AVAILABLE DATA.
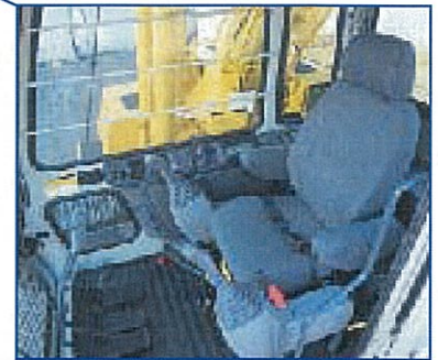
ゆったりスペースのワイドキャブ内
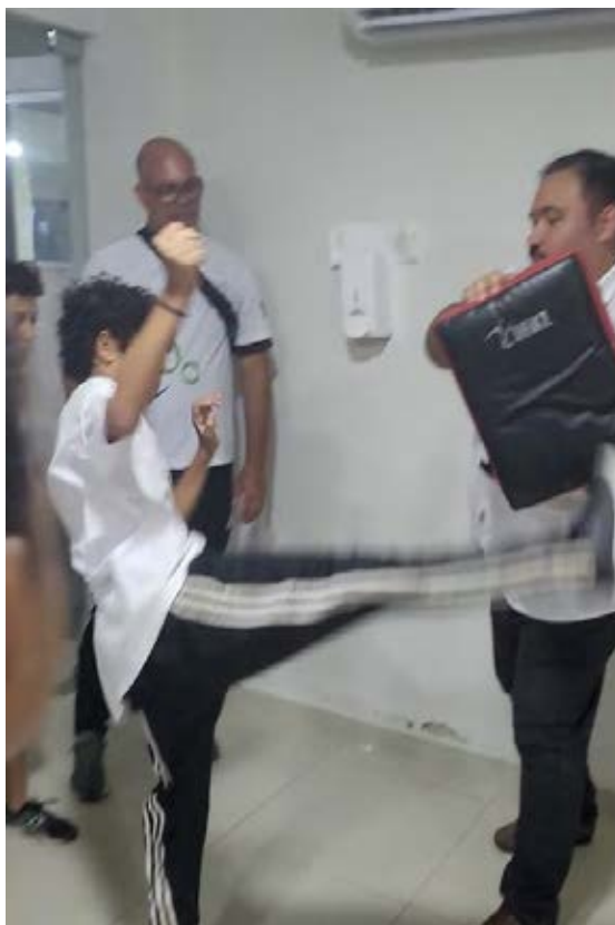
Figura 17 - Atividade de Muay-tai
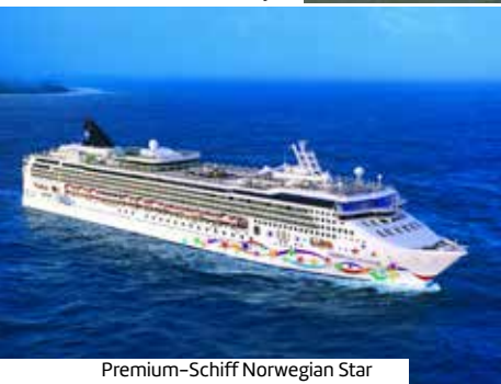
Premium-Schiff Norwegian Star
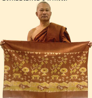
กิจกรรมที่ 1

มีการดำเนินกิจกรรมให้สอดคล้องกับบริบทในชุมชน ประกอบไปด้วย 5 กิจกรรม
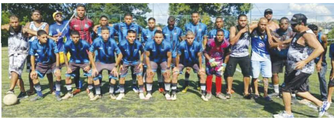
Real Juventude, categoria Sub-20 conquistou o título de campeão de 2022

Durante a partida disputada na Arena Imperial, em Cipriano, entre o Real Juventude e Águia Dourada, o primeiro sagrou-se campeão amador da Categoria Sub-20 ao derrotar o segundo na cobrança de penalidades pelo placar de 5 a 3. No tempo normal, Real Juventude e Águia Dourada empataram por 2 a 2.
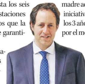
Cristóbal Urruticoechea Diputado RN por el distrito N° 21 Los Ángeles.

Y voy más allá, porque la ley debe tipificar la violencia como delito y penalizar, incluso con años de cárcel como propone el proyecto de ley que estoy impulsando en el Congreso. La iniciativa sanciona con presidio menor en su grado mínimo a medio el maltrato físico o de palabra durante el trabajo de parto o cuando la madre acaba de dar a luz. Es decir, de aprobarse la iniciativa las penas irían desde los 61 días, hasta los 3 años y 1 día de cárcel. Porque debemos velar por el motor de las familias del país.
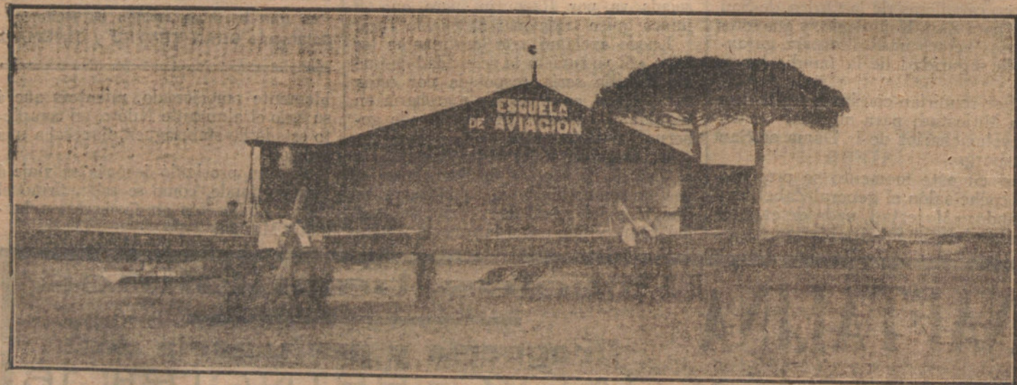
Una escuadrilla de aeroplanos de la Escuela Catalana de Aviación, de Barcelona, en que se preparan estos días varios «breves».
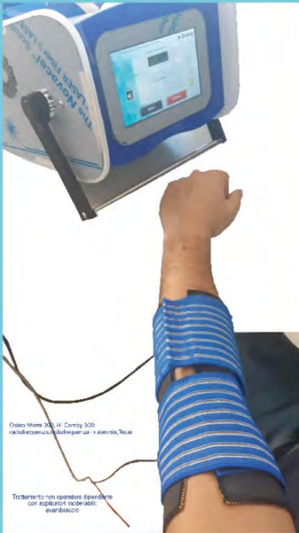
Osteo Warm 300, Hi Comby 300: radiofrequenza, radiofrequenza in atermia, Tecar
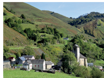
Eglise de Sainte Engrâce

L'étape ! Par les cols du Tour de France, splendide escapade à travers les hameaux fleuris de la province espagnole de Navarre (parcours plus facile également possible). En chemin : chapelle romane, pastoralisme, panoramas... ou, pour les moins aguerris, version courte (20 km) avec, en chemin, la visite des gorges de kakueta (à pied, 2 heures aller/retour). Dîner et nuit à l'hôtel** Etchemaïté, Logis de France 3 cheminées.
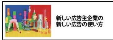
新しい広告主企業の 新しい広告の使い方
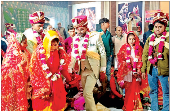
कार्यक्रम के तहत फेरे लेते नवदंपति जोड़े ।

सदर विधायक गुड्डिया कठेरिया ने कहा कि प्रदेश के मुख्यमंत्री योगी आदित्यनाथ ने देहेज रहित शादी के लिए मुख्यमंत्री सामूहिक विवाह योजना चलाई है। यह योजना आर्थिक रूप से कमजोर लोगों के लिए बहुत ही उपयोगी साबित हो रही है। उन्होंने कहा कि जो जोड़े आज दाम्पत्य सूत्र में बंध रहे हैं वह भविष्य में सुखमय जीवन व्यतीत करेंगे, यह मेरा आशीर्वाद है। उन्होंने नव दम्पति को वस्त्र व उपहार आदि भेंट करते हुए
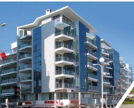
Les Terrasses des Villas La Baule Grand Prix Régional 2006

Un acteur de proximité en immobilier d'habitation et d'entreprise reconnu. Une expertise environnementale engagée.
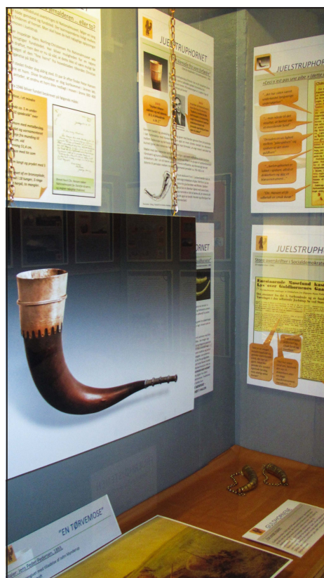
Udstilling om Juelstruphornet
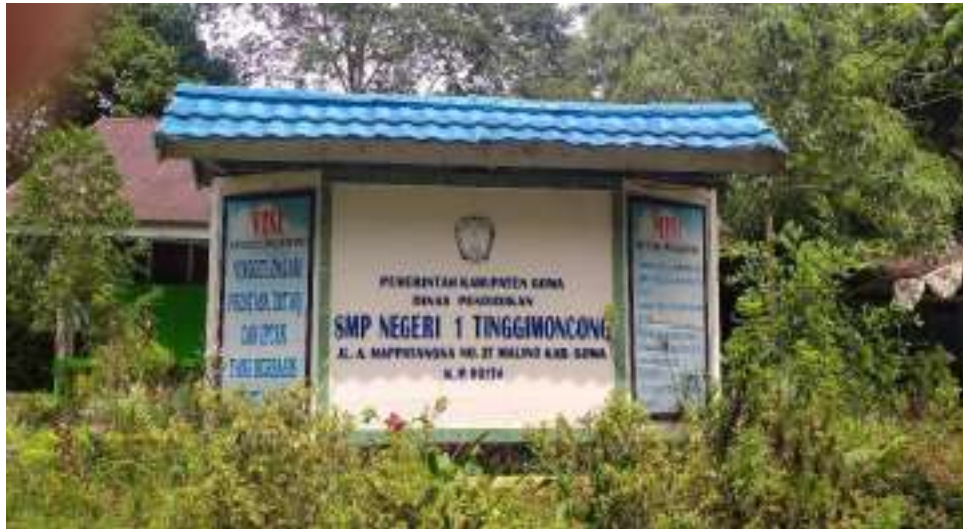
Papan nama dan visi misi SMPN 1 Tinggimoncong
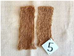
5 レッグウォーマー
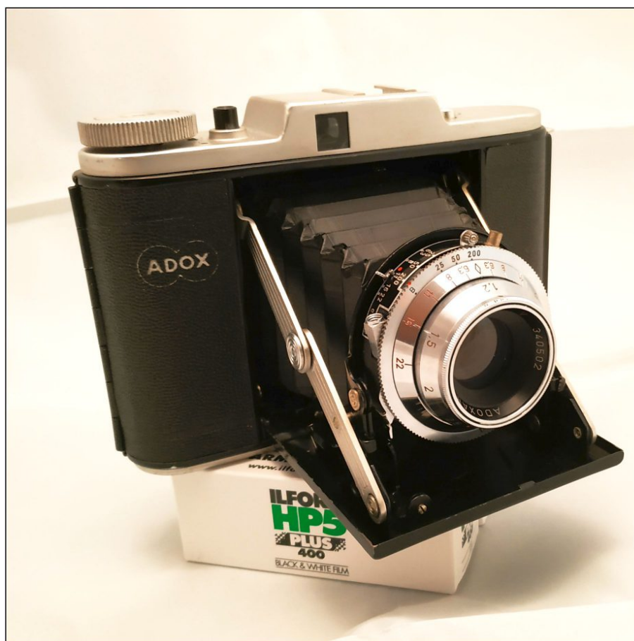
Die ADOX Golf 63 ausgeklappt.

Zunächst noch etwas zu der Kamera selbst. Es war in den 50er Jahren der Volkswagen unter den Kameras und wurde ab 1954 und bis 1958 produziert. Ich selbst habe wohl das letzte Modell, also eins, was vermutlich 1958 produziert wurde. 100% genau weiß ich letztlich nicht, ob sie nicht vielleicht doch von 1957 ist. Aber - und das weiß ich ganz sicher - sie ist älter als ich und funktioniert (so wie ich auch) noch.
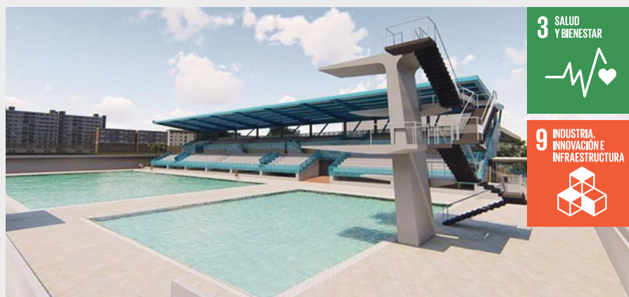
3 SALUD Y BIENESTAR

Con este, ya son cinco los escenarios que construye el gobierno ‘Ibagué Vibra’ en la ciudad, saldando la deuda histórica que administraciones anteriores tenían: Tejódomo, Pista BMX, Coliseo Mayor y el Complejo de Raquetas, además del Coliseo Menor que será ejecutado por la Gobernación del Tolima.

ASSIGNMENT.
Above are the records; give them all again exactly, apart from the pictures.

TASK OUTPUT.
ゆったりスペースのワイドキャブ内
Figura 17 - Atividade de Muay-tai
Premium-Schiff Norwegian Star
กิจกรรมที่ 1

มีการดำเนินกิจกรรมให้สอดคล้องกับบริบทในชุมชน ประกอบไปด้วย 5 กิจกรรม
Real Juventude, categoria Sub-20 conquistou o título de campeão de 2022

Durante a partida disputada na Arena Imperial, em Cipriano, entre o Real Juventude e Águia Dourada, o primeiro sagrou-se campeão amador da Categoria Sub-20 ao derrotar o segundo na cobrança de penalidades pelo placar de 5 a 3. No tempo normal, Real Juventude e Águia Dourada empataram por 2 a 2.
Cristóbal Urruticoechea Diputado RN por el distrito N° 21 Los Ángeles.

Y voy más allá, porque la ley debe tipificar la violencia como delito y penalizar, incluso con años de cárcel como propone el proyecto de ley que estoy impulsando en el Congreso. La iniciativa sanciona con presidio menor en su grado mínimo a medio el maltrato físico o de palabra durante el trabajo de parto o cuando la madre acaba de dar a luz. Es decir, de aprobarse la iniciativa las penas irían desde los 61 días, hasta los 3 años y 1 día de cárcel. Porque debemos velar por el motor de las familias del país.
Una escuadrilla de aeroplanos de la Escuela Catalana de Aviación, de Barcelona, en que se preparan estos días varios «breves».
Osteo Warm 300, Hi Comby 300: radiofrequenza, radiofrequenza in atermia, Tecar
Eglise de Sainte Engrâce

L'étape ! Par les cols du Tour de France, splendide escapade à travers les hameaux fleuris de la province espagnole de Navarre (parcours plus facile également possible). En chemin : chapelle romane, pastoralisme, panoramas... ou, pour les moins aguerris, version courte (20 km) avec, en chemin, la visite des gorges de kakueta (à pied, 2 heures aller/retour). Dîner et nuit à l'hôtel** Etchemaïté, Logis de France 3 cheminées.
新しい広告主企業の 新しい広告の使い方
कार्यक्रम के तहत फेरे लेते नवदंपति जोड़े ।

सदर विधायक गुड्डिया कठेरिया ने कहा कि प्रदेश के मुख्यमंत्री योगी आदित्यनाथ ने देहेज रहित शादी के लिए मुख्यमंत्री सामूहिक विवाह योजना चलाई है। यह योजना आर्थिक रूप से कमजोर लोगों के लिए बहुत ही उपयोगी साबित हो रही है। उन्होंने कहा कि जो जोड़े आज दाम्पत्य सूत्र में बंध रहे हैं वह भविष्य में सुखमय जीवन व्यतीत करेंगे, यह मेरा आशीर्वाद है। उन्होंने नव दम्पति को वस्त्र व उपहार आदि भेंट करते हुए
Les Terrasses des Villas La Baule Grand Prix Régional 2006

Un acteur de proximité en immobilier d'habitation et d'entreprise reconnu. Une expertise environnementale engagée.
Udstilling om Juelstruphornet
Papan nama dan visi misi SMPN 1 Tinggimoncong
5 レッグウォーマー
Die ADOX Golf 63 ausgeklappt.

Zunächst noch etwas zu der Kamera selbst. Es war in den 50er Jahren der Volkswagen unter den Kameras und wurde ab 1954 und bis 1958 produziert. Ich selbst habe wohl das letzte Modell, also eins, was vermutlich 1958 produziert wurde. 100% genau weiß ich letztlich nicht, ob sie nicht vielleicht doch von 1957 ist. Aber - und das weiß ich ganz sicher - sie ist älter als ich und funktioniert (so wie ich auch) noch.
3 SALUD Y BIENESTAR

Con este, ya son cinco los escenarios que construye el gobierno ‘Ibagué Vibra’ en la ciudad, saldando la deuda histórica que administraciones anteriores tenían: Tejódomo, Pista BMX, Coliseo Mayor y el Complejo de Raquetas, además del Coliseo Menor que será ejecutado por la Gobernación del Tolima.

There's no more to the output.